» What is required: All lines in the records below from the line with "Ajoutez les dés" through the line with "[더팩트ㅣ국회=남윤호 기자] 여영국" are to be given again exactly, both ends included; the pictures are to be left out.

***** Provided data

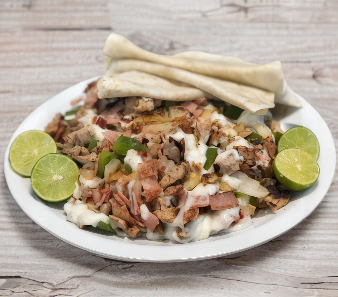 Pollo, jamón, tocino, morrón, cebolla, queso Oaxaca, 6Pzas tortillas de harina.
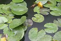 Ici le polariseur permet d'atténuer les reflets d'une part sur l'eau du bassin et sur les gouttes laissées par la pluie, d'autre part sur les feuilles, qui sont brillantes. Le vert du feuillage retrouve sa saturation et l'on aperçoit quelques détails sous la surface de l'eau. Parfois, on n'a pas intérêt à supprimer complètement ces reflets, car alors la scène ne semble plus naturelle. Nikon Coolpix 4500, filtre tenu devant l'objectif.
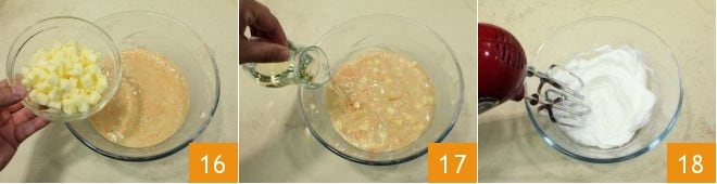 Ajoutez les dés de pommes bien égouttés de l'eau acidulée 16, puis l'huile en filet 17, en mélangeant bien avec une spatule pour intégrer tous les ingrédients. Dans un bol à part, montez avec un batteur électrique ou à la main les blancs d'œufs que vous avez réservés 18;
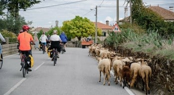 Bicicletas elétricas para o grupo todo, com veículo de apoio.
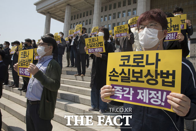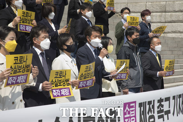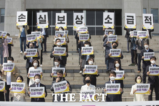 [더팩트ㅣ국회=남윤호 기자] 여영국 정의당 대표(앞줄 가운데)를 비롯한 지도부, 당직자들이 19일 오후 서울 여의도 국회 본청 앞에서 '코로나 손실보상법 소급적용 제정 촉구' 기자회견을 열고 구호를 외치고 있다.
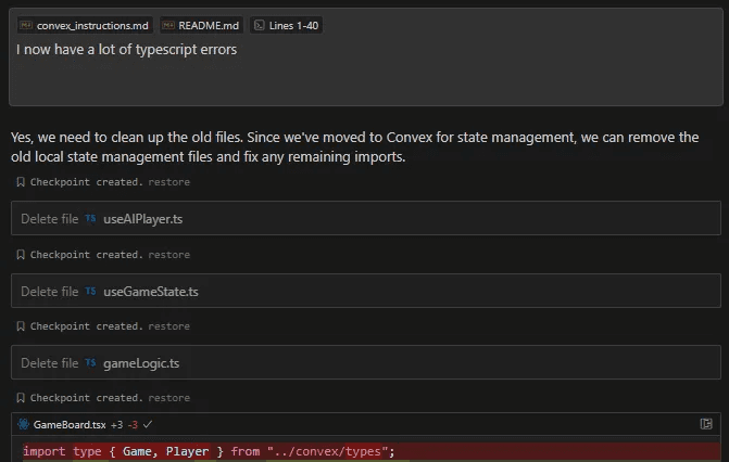 I suspect this file would need to be updated over time as you work on different projects and encounter other “silly” Convex mistakes from the agent but if you are interested in a good starting point this is the one I found effective for this project: https://github.com/get-convex/tic-tac-convex/blob/98ade9998b0845816e8511abf24b2ba08dacee29/instructions/convex_instructions.md

**********

» Result:
 Ajoutez les dés de pommes bien égouttés de l'eau acidulée 16, puis l'huile en filet 17, en mélangeant bien avec une spatule pour intégrer tous les ingrédients. Dans un bol à part, montez avec un batteur électrique ou à la main les blancs d'œufs que vous avez réservés 18;
 Bicicletas elétricas para o grupo todo, com veículo de apoio.
 [더팩트ㅣ국회=남윤호 기자] 여영국 정의당 대표(앞줄 가운데)를 비롯한 지도부, 당직자들이 19일 오후 서울 여의도 국회 본청 앞에서 '코로나 손실보상법 소급적용 제정 촉구' 기자회견을 열고 구호를 외치고 있다.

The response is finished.